A bullet of mass m = 5.89 g is fired into a block of mass M = 3.09 kg that is initially at rest on the edge of a smooth table. (The table top is 0.83 m above the floor.) The bullet ends up stuck in the block, and together they fly off the table and fall to the floor.

If the bullet has an initial speed of 870 m/s, what distance D will the block travel horizontally before landing on the floor?

m•v= (m+M) •V,

V = m•v/(m+M) = 5.89•10^-3•870/(5.89•10^-3+3.09) =
=1.294 m/s.
h=g•t^2/2 ,
t = sqrt(2•h/g) = sqrt(2•0.83/9.8) =
= 0.412 s,
D = V•t = 1.294•0.412 = 0.53 m.

To find the distance D that the block will travel horizontally before landing on the floor, we need to consider the conservation of linear momentum. The initial momentum of the bullet-block system is equal to the final momentum of the same system.

The initial momentum of the bullet is given by:
p_initial = m_bullet * v_bullet

Where:
m_bullet = mass of the bullet = 5.89 g = 0.00589 kg
v_bullet = initial speed of the bullet = 870 m/s

Substituting the values:
p_initial = 0.00589 kg * 870 m/s = 5.1153 kg·m/s

Since the block is initially at rest, its initial momentum is zero:
p_initial_block = 0 kg·m/s

The final momentum of the bullet-block system is given by:
p_final = (m_bullet + M_block) * v_final

Where:
v_final = final velocity of the bullet-block system

Since the bullet ends up stuck in the block, both the bullet and the block will have the same final velocity.
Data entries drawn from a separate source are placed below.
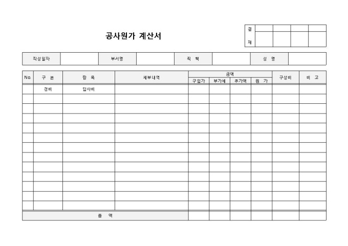 9,000원/월건설공사원가계산서 입니다. 부서명, 직책, 성명, 항목, 세부내역, 금액, 등으로 구성되있습니다. 구입가, 부가세, 추가액을 통해 원가 계산 및 총액 파악에 효과적입니다.
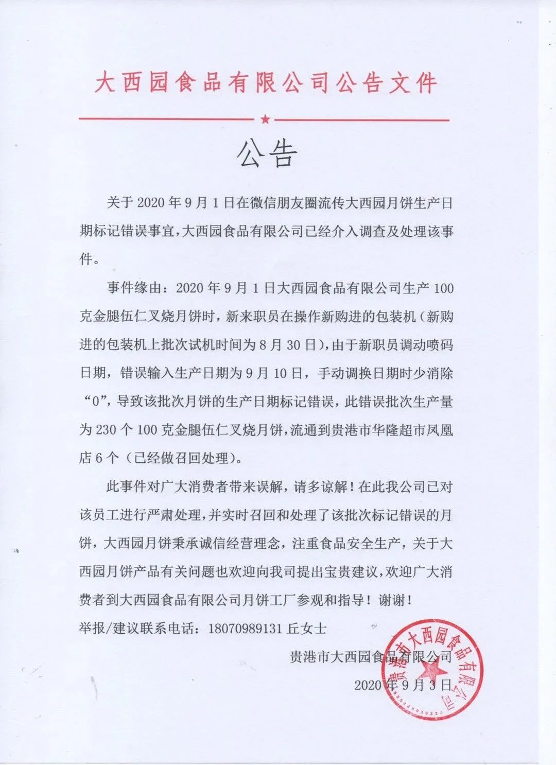 9月4日,港北区市场监管局已督促贵港市大西园食品有限公司生产该批次230个月饼进行处理,召回已流通到贵港市华隆超市凤凰店的6个月饼,封存未出库的224个月饼。
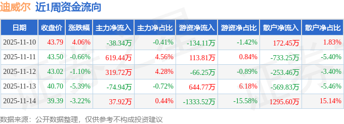 资金流向数据方面,本周迪威尔主力资金合计净流入863.8万元,游资资金合计净流出775.3万元,散户资金合计净流出88.5万元。本周资金流向一览见下表:
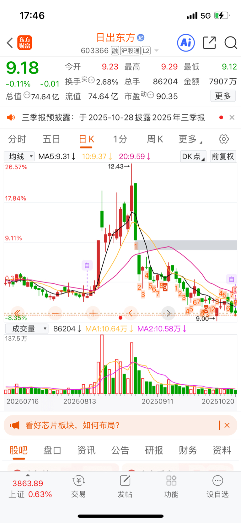 $日出东方(SH603366)$ 今天进场一起持股待涨了
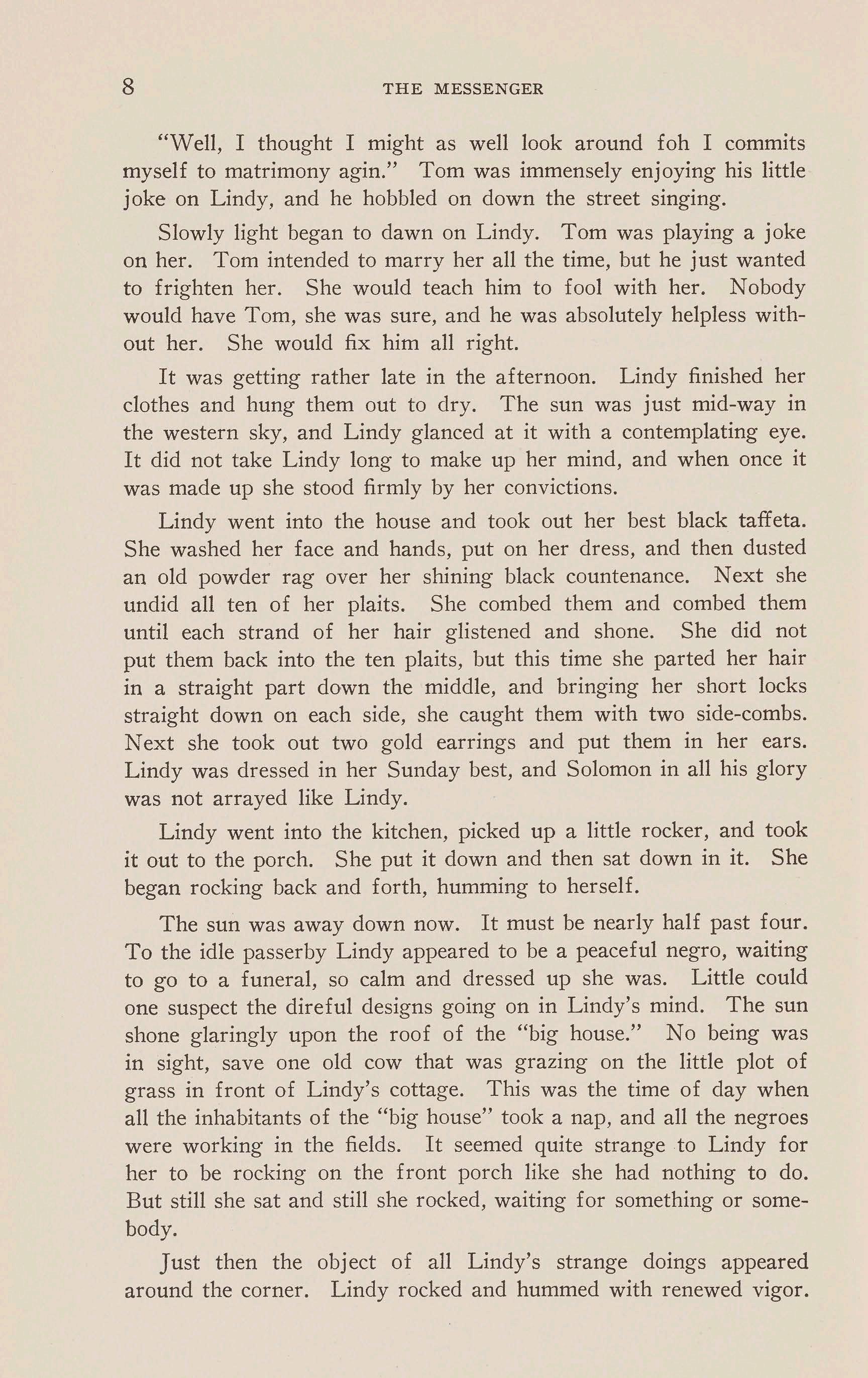 The sun was away down now. It must be nearly half past four. To the idle passerby Lindy appeared to be a peaceful negro, waiting to go to a funeral, so calm and dressed up she was. Little could one suspect the direful designs going on in Lindy's mind. The sun shone glaringly upon the roof of the "big house." No being was in sight, save one old cow that was grazing on the little plot of grass in front of Lindy's cottage. This was the time of day when all the inhabitants of the "big house" took a nap , and all the negroes were working in the fields. It seemed quite strange to Lindy for her to be rocking on the front porch like she had nothing to do. But still she sat and still she rocked, waiting for something or somebody.
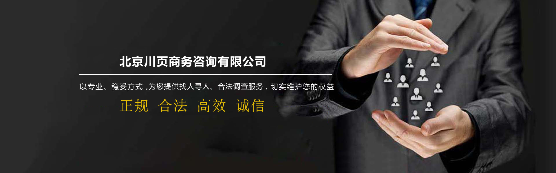 北京市偵探公司-北京川頁商務(wù)咨詢有限公司是面向全國提供找人尋人服務(wù)平臺,公司致力于為企業(yè)、個人解決發(fā)展中各類債務(wù)問題、債權(quán)訴訟、債權(quán)轉(zhuǎn)讓事務(wù),幫助快速尋找親人、朋友、戀人、戰(zhàn)友等找人服務(wù),以及婚姻家庭情感咨詢等業(yè)務(wù)。公司擁有一批律師,商賬管理師專業(yè)的工作人員,依托互聯(lián)網(wǎng)平臺,在國內(nèi)形成了完善的調(diào)查尋人服務(wù)網(wǎng)絡(luò),業(yè)務(wù)范圍已經(jīng)逐漸覆蓋北京及全國各大主要城市和地區(qū)。我們始終秉承"捍衛(wèi)真理、堅持誠信、以人為本、奉獻社會"的服務(wù)理念和"專業(yè)、創(chuàng)新、和諧、共贏"的經(jīng)營理念,我們希望通過提供全面、及時、準確、專業(yè)的相關(guān)信息,以優(yōu)質(zhì)的服務(wù),專業(yè)的技巧,為各位有需求的人員提供服務(wù)!

Now, to find the final velocity of the bullet-block system, we can use the principle of conservation of mechanical energy. The gravitational potential energy lost by the system while falling from a height h will be equal to the increase in kinetic energy of the system.
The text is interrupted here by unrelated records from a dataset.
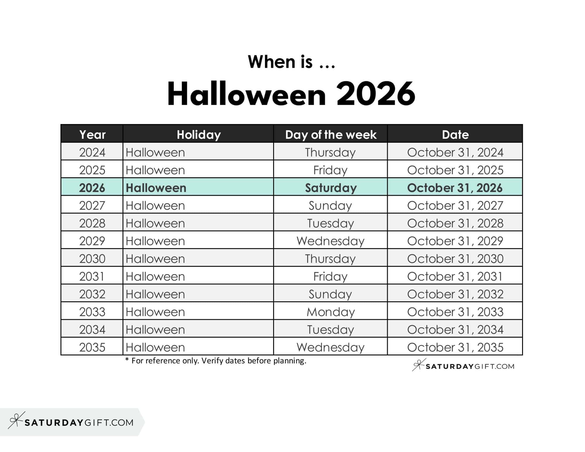 | Halloween | 2026 | Saturday | October 31, 2026 |
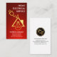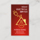 Um cobrir vermelho com uma vinheta suave destaca um design de lâmpada elétrica ouro criativo. No topo está o nome comercial com seu nome prestigioso e detalhes de contato perto da base.
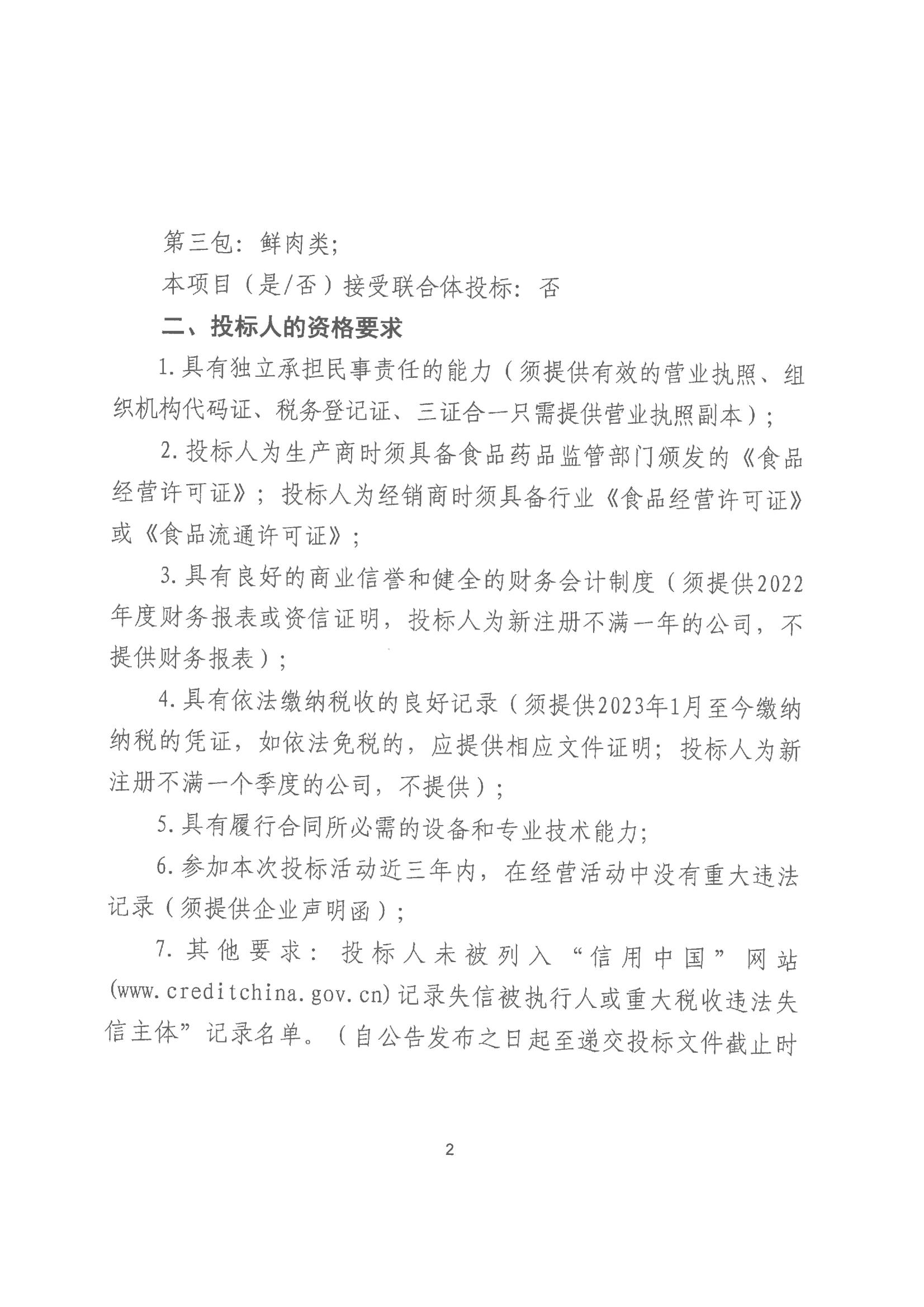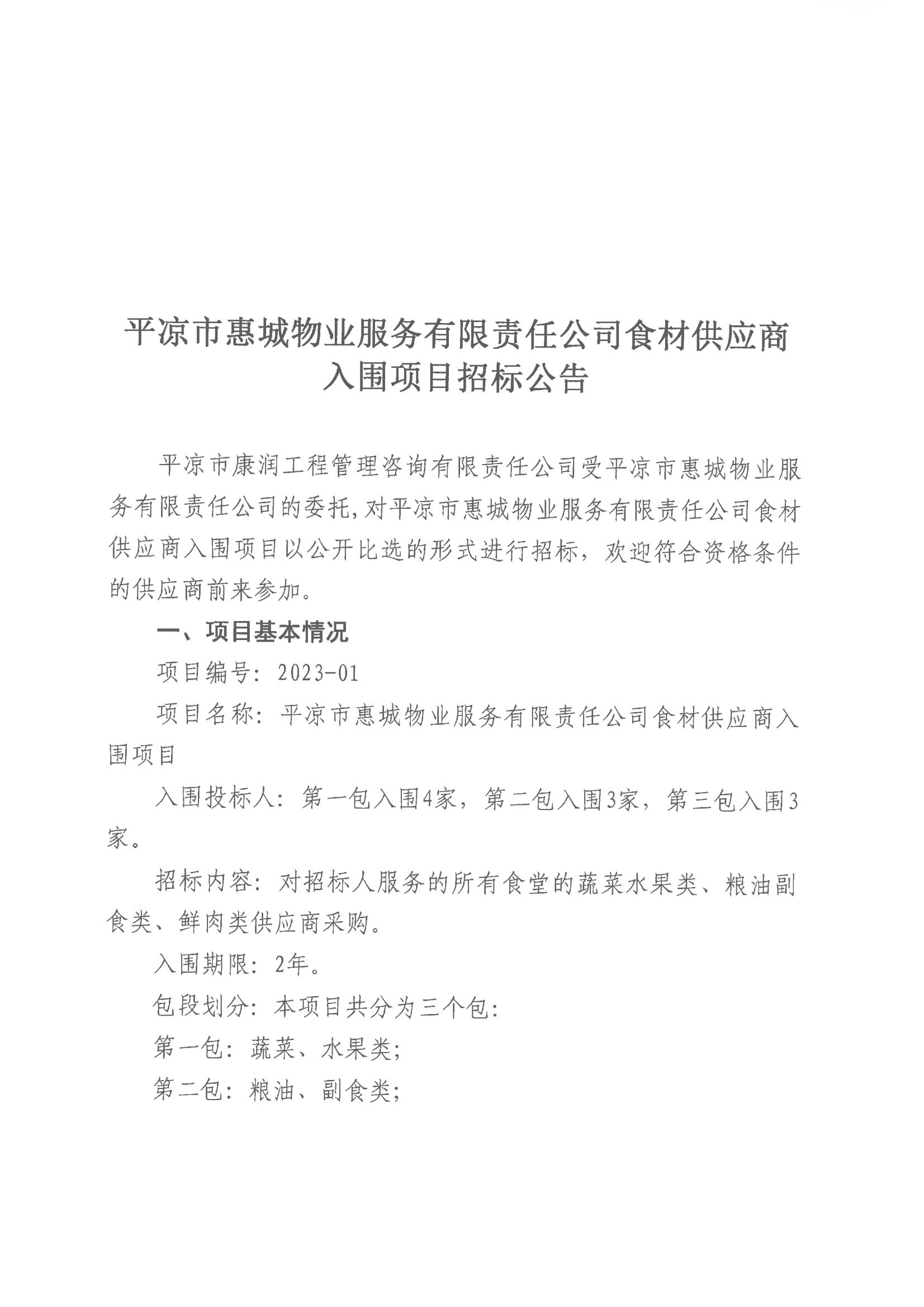 平涼市惠城物業服務有限責任公司食材供應商入圍項目結果公告

The gravitational potential energy lost by the system is given by:
PE_loss = m_total * g * h

Where:
m_total = total mass of the bullet-block system = m_bullet + M_block
g = acceleration due to gravity (approximately 9.8 m/s^2)
h = height = 0.83 m (height of the table top above the floor)
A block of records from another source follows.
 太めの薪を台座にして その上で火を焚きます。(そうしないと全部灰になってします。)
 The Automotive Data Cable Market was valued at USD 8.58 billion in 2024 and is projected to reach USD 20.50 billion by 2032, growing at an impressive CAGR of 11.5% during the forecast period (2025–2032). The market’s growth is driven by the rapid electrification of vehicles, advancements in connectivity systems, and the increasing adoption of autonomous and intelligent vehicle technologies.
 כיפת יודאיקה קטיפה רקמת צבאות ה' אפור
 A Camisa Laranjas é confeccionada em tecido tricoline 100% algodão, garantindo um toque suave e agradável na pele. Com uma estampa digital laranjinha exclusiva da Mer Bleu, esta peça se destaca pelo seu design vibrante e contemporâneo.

The increase in kinetic energy of the system is given by:
KE_gain = (1/2) * (m_total) * v_final^2

According to the principle of conservation of mechanical energy, the gravitational potential energy lost is equal to the increase in kinetic energy:
PE_loss = KE_gain

Substituting the values and rearranging the equation:
m_total * g * h = (1/2) * (m_total) * v_final^2

Canceling out the common factor of m_total on both sides:
g * h = (1/2) * v_final^2

Solving for v_final:
v_final = sqrt(2 * g * h)

Substituting the values:
v_final = sqrt(2 * 9.8 m/s^2 * 0.83 m) = 3.4386 m/s

Since the final velocity of the system is the same as the final velocity of the block, we can now calculate the distance D that the block will travel horizontally before landing on the floor using the equation for horizontal motion:

D = v_final * t

Where:
D = horizontal distance traveled by the block
v_final = final velocity of the block (which we just found to be 3.4386 m/s)
t = time taken for the block to reach the floor

To find t, we can use the equation for vertical motion:

h = (1/2) * g * t^2

Where:
h = height = 0.83 m (height of the table top above the floor)
g = acceleration due to gravity (approximately 9.8 m/s^2)
t = time taken for the block to reach the floor

Rearranging the equation and solving for t:
t = sqrt((2 * h) / g)

Substituting the values:
t = sqrt((2 * 0.83 m) / 9.8 m/s^2) = 0.4128 s

Finally, substituting the values of v_final and t into the equation for D:
D = 3.4386 m/s * 0.4128 s = 1.4195 m

Therefore, the block will travel a horizontal distance of approximately 1.4195 meters before landing on the floor.